### TASK TO CARRY OUT
A faithful, picture-free copy of the listing below is required.

*** Opening of GIVEN INFORMATION ***

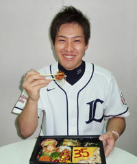 牧田投手の好物「オムライス」と「生姜焼き」をセットにした「オムライス&豚の生姜焼き」のWご飯や、ジューシーな鶏肉を使用した鶏肉の照焼き、地元静岡の名産で牧田投手の体作りに欠かせないカルシウムが豊富な魚を使用した、「いわし団子の野菜あんかけ」、「しらす入りかき揚げ」など牧田投手も納得のお弁当を期間限定で販売します。
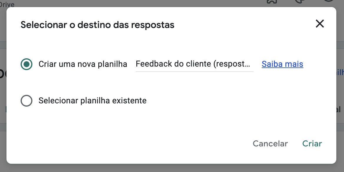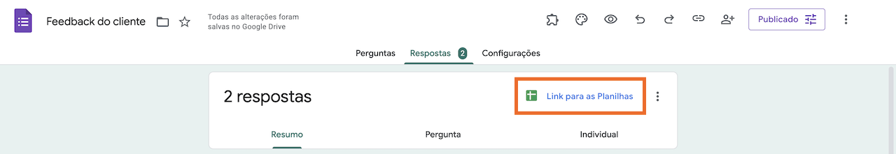 Se você quiser visualizar e acompanhar as respostas do formulário em uma planilha, pode conectar facilmente seu formulário do Google a uma planilha do Google.
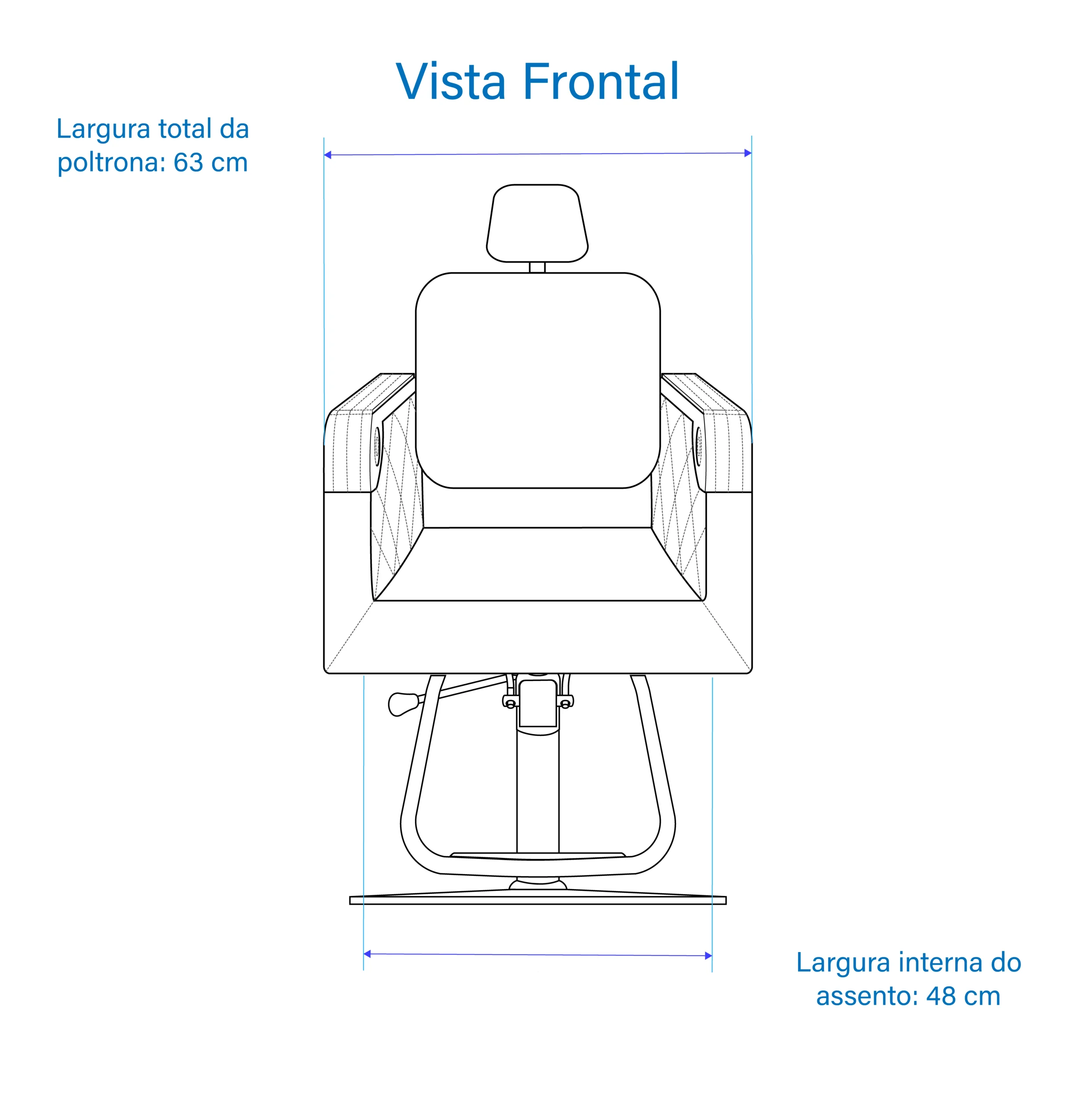 Largura: externa 63 cm, interna do assento 48 cm;

*** Close of GIVEN INFORMATION ***

### COMPLETED EXERCISE
 牧田投手の好物「オムライス」と「生姜焼き」をセットにした「オムライス&豚の生姜焼き」のWご飯や、ジューシーな鶏肉を使用した鶏肉の照焼き、地元静岡の名産で牧田投手の体作りに欠かせないカルシウムが豊富な魚を使用した、「いわし団子の野菜あんかけ」、「しらす入りかき揚げ」など牧田投手も納得のお弁当を期間限定で販売します。
 Se você quiser visualizar e acompanhar as respostas do formulário em uma planilha, pode conectar facilmente seu formulário do Google a uma planilha do Google.
 Largura: externa 63 cm, interna do assento 48 cm;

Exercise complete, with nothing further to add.